On the front side of the grip portion 31 located at the upper part of the steamer main body 1, a temperature setting / off button as a first operating body that can both set the temperature of the base 7 and turn on / off the power as an operating body that can be manually operated. 35 and a steam amount setting button 36 as a second operating body for setting the flow rate of steam ejected from the steam hole 12 are respectively arranged. The buttons 35 and 36 for these operations are mounted on the first substrate 37A arranged in front of the inside of the grip portion 31. The number of operating bodies is not limited to two as in the present embodiment, and may be operating bodies other than the push type. In addition, any function may be assigned to any operating body.

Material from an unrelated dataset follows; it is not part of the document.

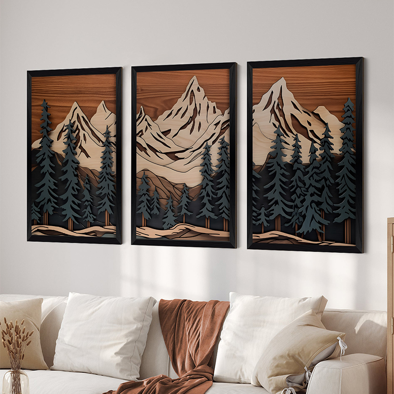 Δώστε βάθος και χαρακτήρα στον χώρο σας με ένα τρίπτυχο που υμνεί το αλπικό τοπίο. Ο μοναδικός σχεδιασμός του, που παίζει με τις αντιθέσεις του φυσικού ξύλου και των σκοτεινών τόνων του δάσους, δημιουργεί ένα επιβλητικό οπτικό αποτέλεσμα που μαγνητίζει το βλέμμα.

In addition to the temperature setting / off button 35 and the steam amount setting button 36, the first substrate 37A includes a temperature indicator lamp 38 provided on the upper front side of the grip portion 31 and arranging a plurality of LEDs, and turning on / off the power. A buzzer 39 as a notification unit that notifies the base 7 that the set temperature has been reached by sound, a heater 6 that is a load of the steamer main body 1, an electromagnetic pump 24, and a control device 40 that controls the operation of the temperature indicator lamp 38. Etc. are installed. The temperature display lamp 38 displays whether or not the temperature set by the temperature setting / off button 35 and the temperature of the base 7 detected by the temperature detecting means 41 have reached the set temperature, and the operating state of the steamer main body 1 Corresponds to the display unit that displays. Further, the temperature detecting means 41 is attached and fixed to the base 7 inside the steamer main body 1 as a sensor unit for displaying the operating state of the steamer main body 1.

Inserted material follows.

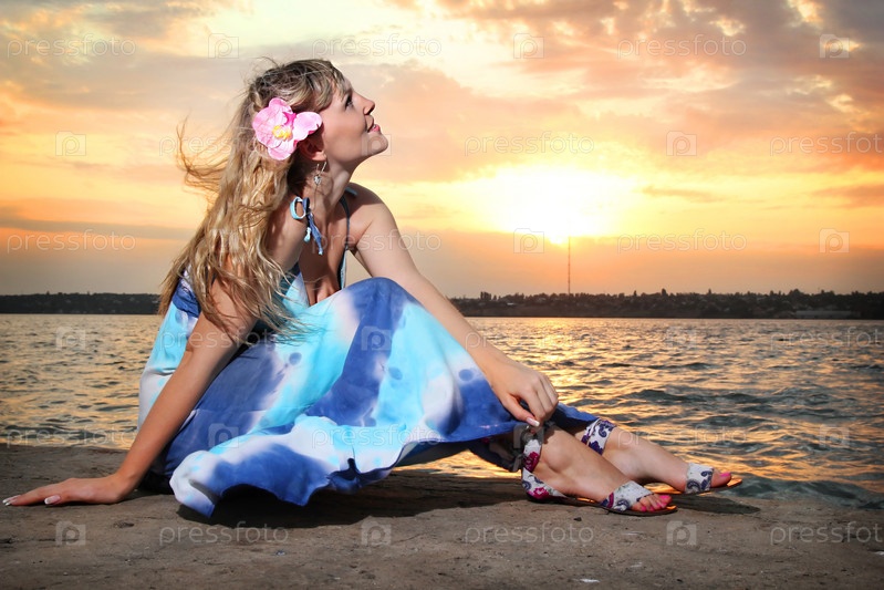 Романтическая блондинка на пляже, закат

Inside the grip portion 31, a second substrate 37B for power supply is arranged behind the first substrate 37A for control. These substrates 37A and 37B are electrically connected to each other by wiring 42. In addition to the external commercial power from the plug unit 2, the second substrate 37B receives the power generation device 43 having a power generation function inside the steamer main body 1 and the power generated by the power generation device 43, and each part of the steamer main body 1. A power supply circuit 44 or the like that outputs appropriate operating power is installed in the system. The number of boards 37A and 37B incorporated in the steamer main body 1 and which components are mounted on which boards 37A and 37B are not particularly limited.

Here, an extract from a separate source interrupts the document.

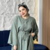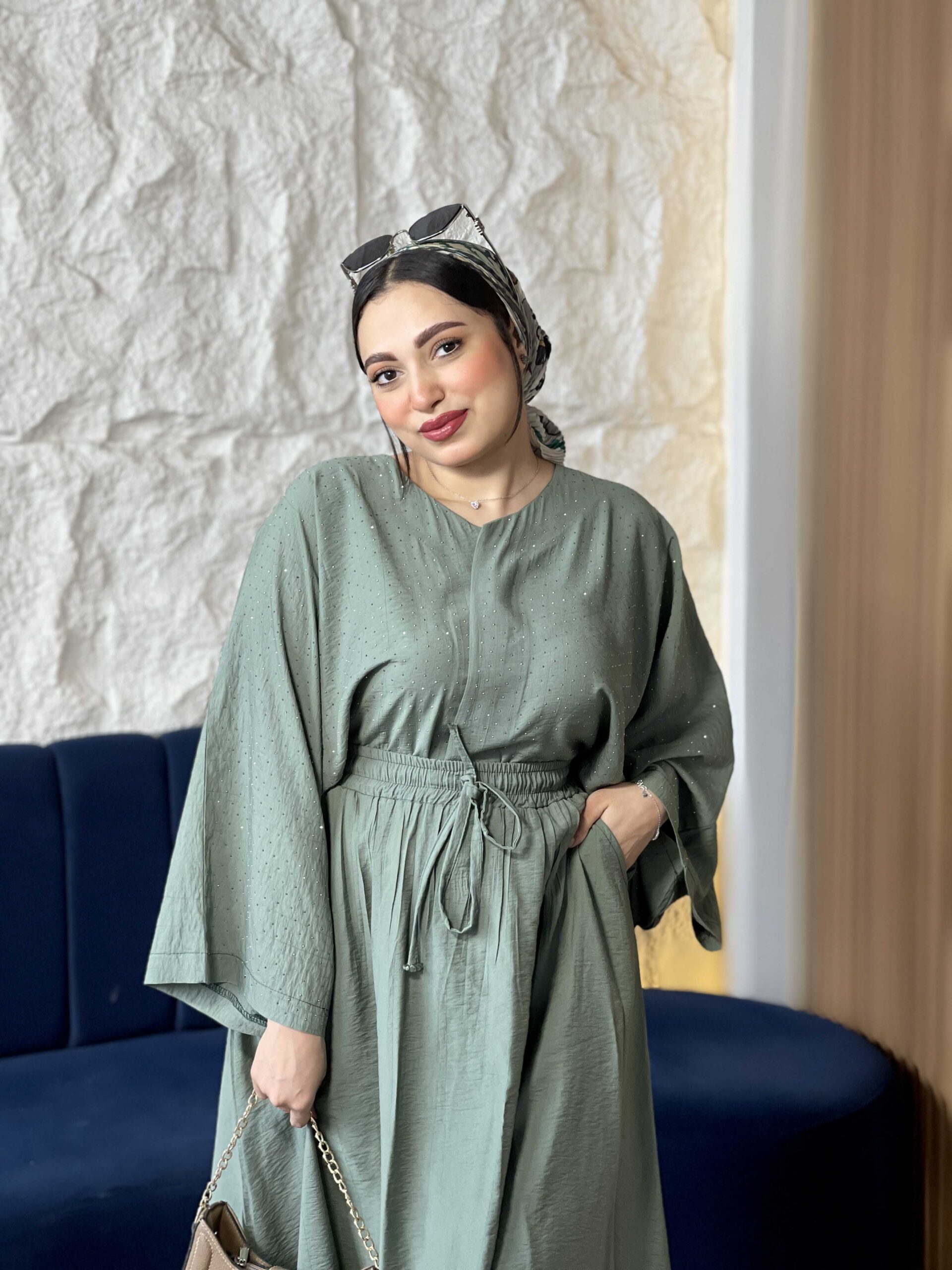 A casual two-piece linen suit with a loose-fit blouse and matching skirt. Designed with delicate shiny details on the blouse for a simple yet chic look. Lightweight, breathable, and super practical — perfect for summer days, casual outings, and everyday wear.

The power generation device 43 includes a primary battery (battery) or a secondary battery for supplying power. Preferably, if the steamer main body 1 is supplied with commercial power from the plug unit 2 in an unused state when each part of the steamer main body 1 is not operating, the charging circuit uses the commercial power. The power generation device 43 may be configured by a power storage unit that combines a secondary battery and a charging circuit so that the secondary battery can be automatically charged.

The power supply circuit 44 receives the electric power generated from the power generation device 43 in a cordless state in which the commercial electric power from the plug unit 2 is not supplied to the steamer main body 1, and the temperature indicator lamp 38 mounted on the first substrate 37A and the like. , The operating power required to operate each of them is sent to the buzzer 39, the control device 40, etc. through the wiring 42, and the electromagnetic pump 24 is also passed through another wiring 45 routed inside the steamer main body 1. It sends out the operating power required to operate the pump 24. A part or all of the functions of the power supply circuit 44 may be incorporated into the power generation device 43.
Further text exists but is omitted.